Answer: Right Obstructive Ductal Dependent Pathology1-13


  • CHD is the most common major congenital anomaly and is the most common cause of mortality from birth defects in infants.1,2
  • Prevalence
    • 1:1000 live births Worldwide.3,4
    • 2:1000 of live births in the US ~ 40,000 births/year have hemodynamically significant CHD.3,4
      • 50% are discharged from the nursery with missed congenital heart lesion.3,4
      • 25% have critical lesions that end up in the ED shortly after.3
      • These critical congenital lesions are often missed both at discharge from delivery and in the ED leading to death.3–5
    • The number of congenital heart lesions is increasing.3,4
    • Risk Factors:6–8
      • Genetics: Family history especially siblings, chromosomal abnormalities (e.g.
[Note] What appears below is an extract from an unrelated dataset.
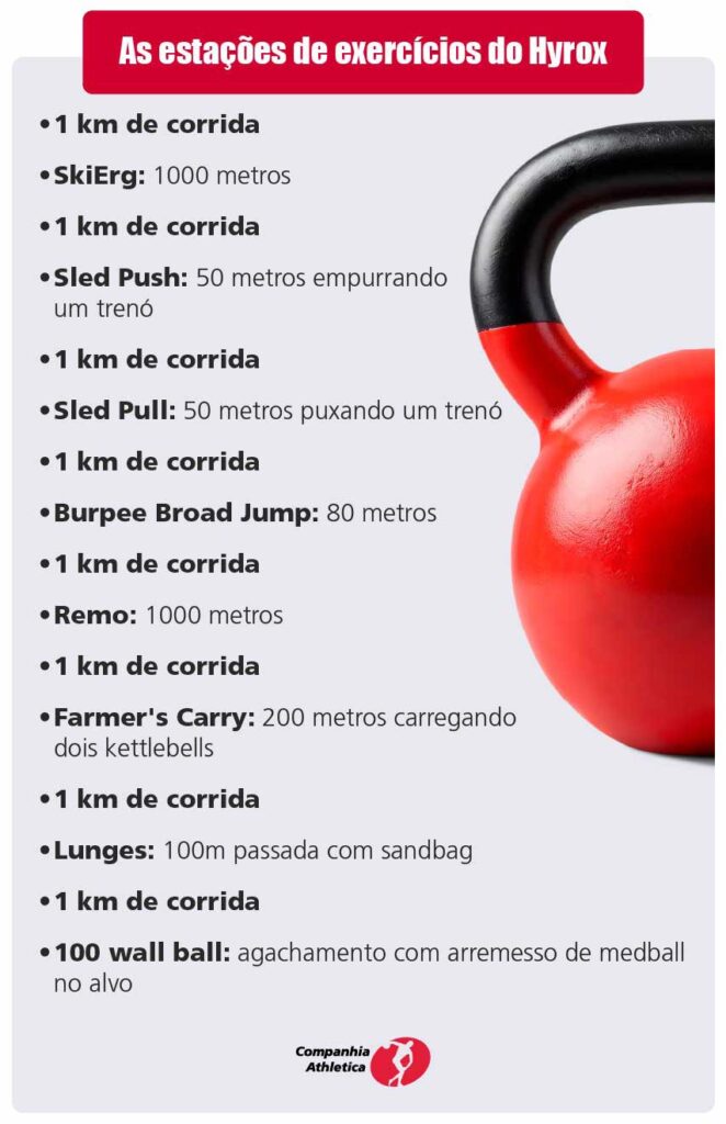Durante cada circuito, o participante alterna 1 km de corrida com uma nova estação de treino funcional, repetindo a sequência 8 vezes. O resultado é um treino dinâmico e desafiador, que exige resistência, força e coordenação em igual medida.

Trisomy 13, 18, Turner Syndrome, DiGeorge, CHARGE, VACTERL).
      • Environmental:
        • Maternal factors: phenylketonuria, advanced maternal age, febrile illness during pregnancy
        • Infections: Influenza, rubella
        • Medications: NSAIDs, Lithium, Sulfasalazine, TMP-SMX, phenytoin
        • Toxins: Marijuana, Organic Solvents

Anatomy and Pathophysiology: Right Obstructive Ductal Dependent Lesions

  • Common Causes:5,9,13
    • Tetralogy of Fallot
    • Truncus Arteriosus
    • Transposition of the Great Vessels
    • Tricuspid Atresia
    • TAPVR4-7
  • Pathophysiology:9,13
    • Lesions above have some type of structural obstruction of blood flow to the lungs with a septal defect and resulting shunt.
    • PDA provides supplemental oxygenated systemic blood supply.
    • With PDA closure, there is limited to no pulmonary blood flow, which precipitates cyanosis and hypoxia.


Clinical Presentation:

  • Utilize pediatric assessment triangle: Appearance, work of Breathing, Color.12
  • On history: cyanosis, fussiness, tachypnea and poor feeding.9
  • While this is a right obstructive lesion, the differential for a cyanotic neonate should be considered:
    • 4 causes of cyanosis in neonate:13
      • Congenital Heart Disease
      • Sepsis
      • Respiratory Disorders
        • RSV, Pneumonia, ARDS, Aspiration
      • Hematological Disorder
        • Polycythemia – autotransfusion from placenta
        • Methemoglobinopathies
          • Ask for recent medication exposures (e.g. moth balls, lidocaine, benzocaine gels, hurricaine spray)
    •  Physical Exam Pearls:9,13
      • General: profoundly hypoxic (SpO2 70%)
      • Skin: Cyanotic appearing – Signs of Central Cyanosis
        • Cyanosis: >5gm/dL of desaturated hemoglobin13,14
          • Peripheral cyanosis
            • Perioral cyanosis
            • Extremities blue
          • Central cyanosis
            • Purple or blue color of the mouth, tongue, mucous membranes.
      •  Respiratory: Differentiate between respiratory vs. cardiac13,14
        • Cardiac disease presents with silent tachypnea.
          • Tachypnea without increased work of breathing secondary to acidosis.
        • Respiratory disease presents with struggling tachypnea.
          • Tachypnea with hard work of breathing presents with primary respiratory etiology.
      •  Cardiac: Tachycardic, possible murmur but will be difficult to auscultate with a heart rate >160 bpm.
      •  Abdominal
        • Hepatomegaly on exam.13,14
          • Percussion is more effective than palpation in infants as they tend to contract muscles while in distress.
          • Liver > 2cm below right costal margin is abnormal.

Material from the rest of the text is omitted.